L’Unione Europea dal canto suo, ha accolto l’accordo con maggiore ottimismo: “La COP29 sarà ricordata come l’inizio di una nuova era per la finanza climatica”, ha dichiarato Il commissario europeo per il clima, Wopke Hoekstra. 

Alla Cop29 di Baku si è “raggiunto il massimo compromesso sulla finanza”, ma “i Ministri dell’Ambiente stanno esaurendo il loro raggio d’azione. Senza il coinvolgimento dei Ministri delle finanze, dell’industria e dei Capi di Stato e di Governo, l’azione per il clima rimarrà inadeguata”. Così Luca Bergamaschi, direttore e co-fondatore del think tank italiano sul clima Ecco.   “L’influenza degli interessi legati all’economia dei combustibili fossili – prosegue Bergamaschi -, attraverso i Paesi produttori come Arabia Saudita e Russia e le imprese fossili, che insieme predicano la neutralità tecnologica per mantenere lo status quo, hanno prevalso sia alla Cop29 che al G20 di Rio, bloccando le azioni necessarie per la transizione verde. La spinta verso false soluzioni, che vediamo fortemente anche in Italia sul gas, biocombustibili e nucleare, blocca l’innovazione, mettendo a rischio la competitività industriale e limita l’accesso sociale alla transizione, a favore di pochi ma forti interessi economici”.

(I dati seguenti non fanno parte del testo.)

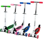 - PU WHEELS for smooth ride. Scooter can be used indoors too as it will not leave any mark on tiles due to high quality PU Wheels. 2 Big front wheels and small rear LED wheels glows bright enough to see during the day time. The faster you go, light becomes more prominent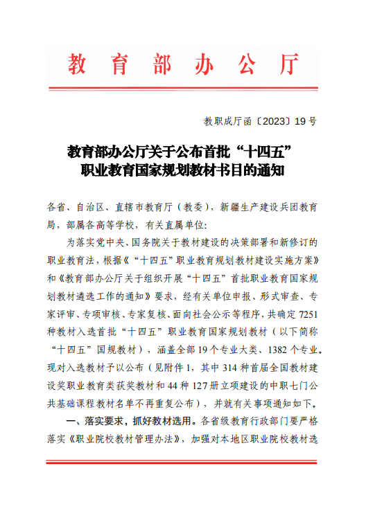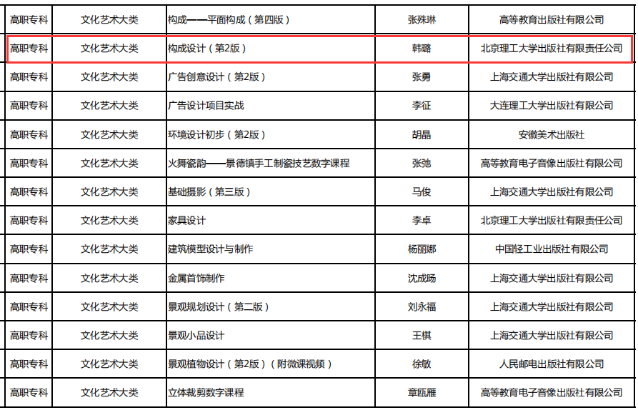 2023年6月19日,教育部公布了首批“十四五”职业教育国家规划教材名单,经单位申报、形式审查、专家评审、专项审核、专家复核、面向社会公示等程序,今年会艺术学院韩璐主编的《构成设计》继入选“十三五”职业教育国家规划教材后,再次入选首批“十四五”职业教育国家规划教材。

Il mercato del carbonio: una svolta attesa, ma controversa

Il nuovo obiettivo finanziario faticosamente adottato alla COP29 di Baku “è una polizza assicurativa per l’umanità” di fronte agli effetti del cambiamento climatico, ma “non è il momento di fare trionfalismi”, ha affermato Simon Stiell, segretario esecutivo dell’Unfcc, l’agenzia Onu per il clima. “Nessun Paese ha ottenuto tutto ciò che voleva e lasciamo Baku con una montagna di lavoro da fare, quindi ora non è il momento dei trionfalismi”, ha aggiunto.

Il documento finale comunque accontenta anche l’Arabia Saudita, perché non aumenta gli impegni di decarbonizzazione rispetto a quanto deciso l’anno scorso alla Cop28 di Dubai. La Ue ha dovuto cedere su questo, come pure su diritti umani e delle donne, citati in modo generico. Il testo invita comunque ad arrivare a 1300 miliardi all’anno di aiuti al 2035, e fissa una Road map da Baku a Belem, sede della prossima Cop30 in Brasile, per studiare come si possa arrivare a questo obiettivo. L’auspicio è che gli impegni presi a Baku in Brasile si traducano in azioni più ambiziose e concrete. Riuscirà la comunità internazionale a colmare il divario tra promesse e realtà? La strada per affrontare la crisi climatica resta lunga e impervia, ma la pressione globale per soluzioni più incisive è destinata ad aumentare.